Search for an hashtag and you will see it displayed inside a red cirle. The more popular the hashtag is, the bigger the circle. You can also read a popularity rating, from 0 to 100: The most used hashtag on Twitter would get 100. The different typing variants will also be shown, and a sample of tweets using that hashtag will be displayed on the right.

Around the hashtag you searched you will also see its top related hashtags (up to 10) diplayed inside blue circles. The correlation is measured as the percentage of tweets using the searched hashtag which also use the related one. The stronger the correlation, the bigger the grey line that links them. You can also read the actual percentage by moving your mouse pointer over the related hashtag.

By clicking on a related hashtag (blue circle), it will become the selected one and its own related hashtags will be displayed. This way you can easily explore all the hashtag related to your interests, and find which ones are the most and least popular and most and least specific.

Double relationships

If you want to visualize if two related hashtags share some correlations, you can check the "Advanced mode" option on the lower right corner of the graph. With this option, when you click a related hashtag its own top correlations will be displayed, with pink links, along with those which were already displayed; on the right sample tweets using both hashtags will be shown. If some hashtags are among the top ten correlations for both the selected (red) and the focused (green) hashtag, they will have both grey and pink links. If you then want to explore the focused hashtag, click it a second time.

Top influencers (beta)

Below the hashtags graph you can find a list of up to 6 of the top influencers on Twitter for the selected hashtag. The list is created based on the activity of each user for that hashtag, on the engagement that activity creates and on the reach of their activity. This service is still in beta and the data may not be complete or accurate yet.
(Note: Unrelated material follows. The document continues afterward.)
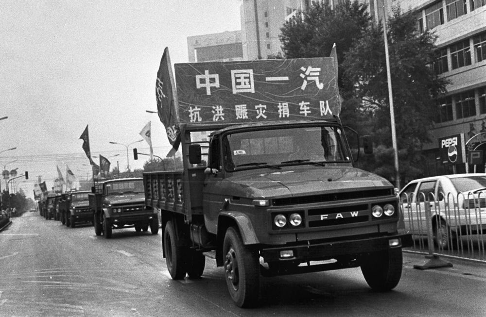 1998年8月19日,一汽职工捐赠购买的解放牌卡车开赴长江、嫩江抗洪一线。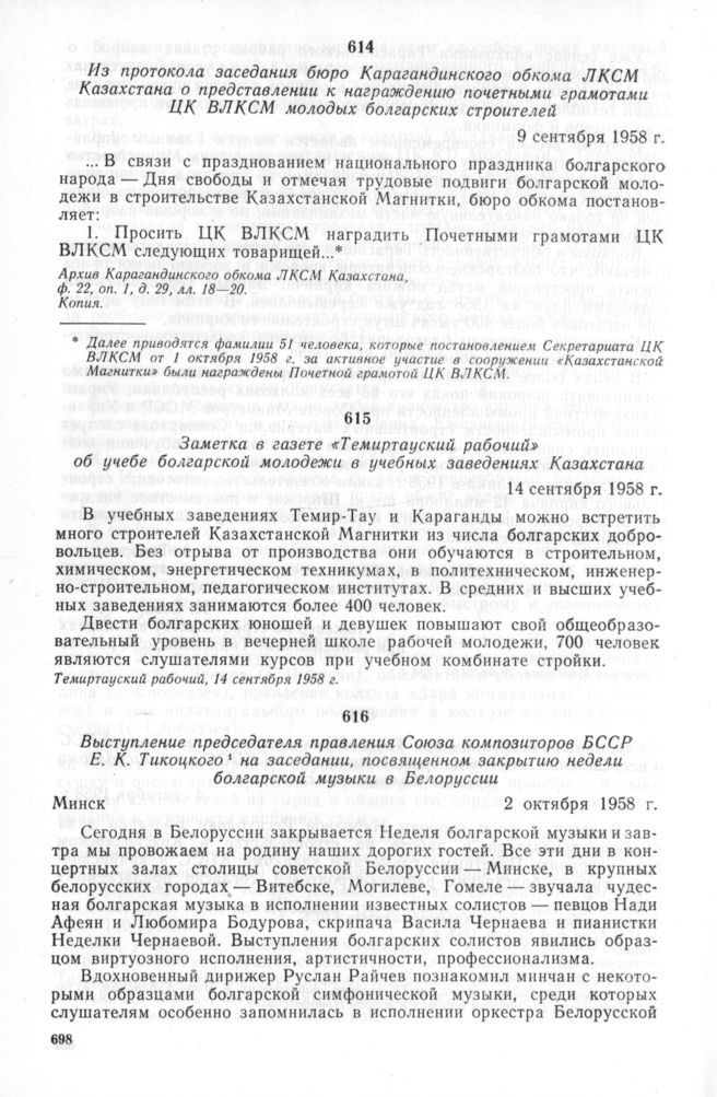 Заметка в газете «Темиртауский рабочий» об учебе болгарской молодежи в учебных заведениях Казахстана. 14 сентября 1958 г. // Темиртауский рабочий, 14 сентября 1958 г.

On the right of the list you can also see a graph where each of the top influencers is represented by a bubble (FluGraph). The Y position of the bubble shows the relative influence of each of the top users for this hashtag: The higher the position, the greater the influence. The X position shows the specialization of each user for this hashtag: A user who only tweets about this hashtag will be on the far right of the graph, while a user who tweets a lot about other hashtags will be on the left.

The size of the bubble shows the number of followers for each user. If you place your mouse pointer over the bubble, or over the name of the user on the list, you will be able to read the exact number of followers. To open the Twitter page of one of the influencers, you can click on his bubble or on her name in the list.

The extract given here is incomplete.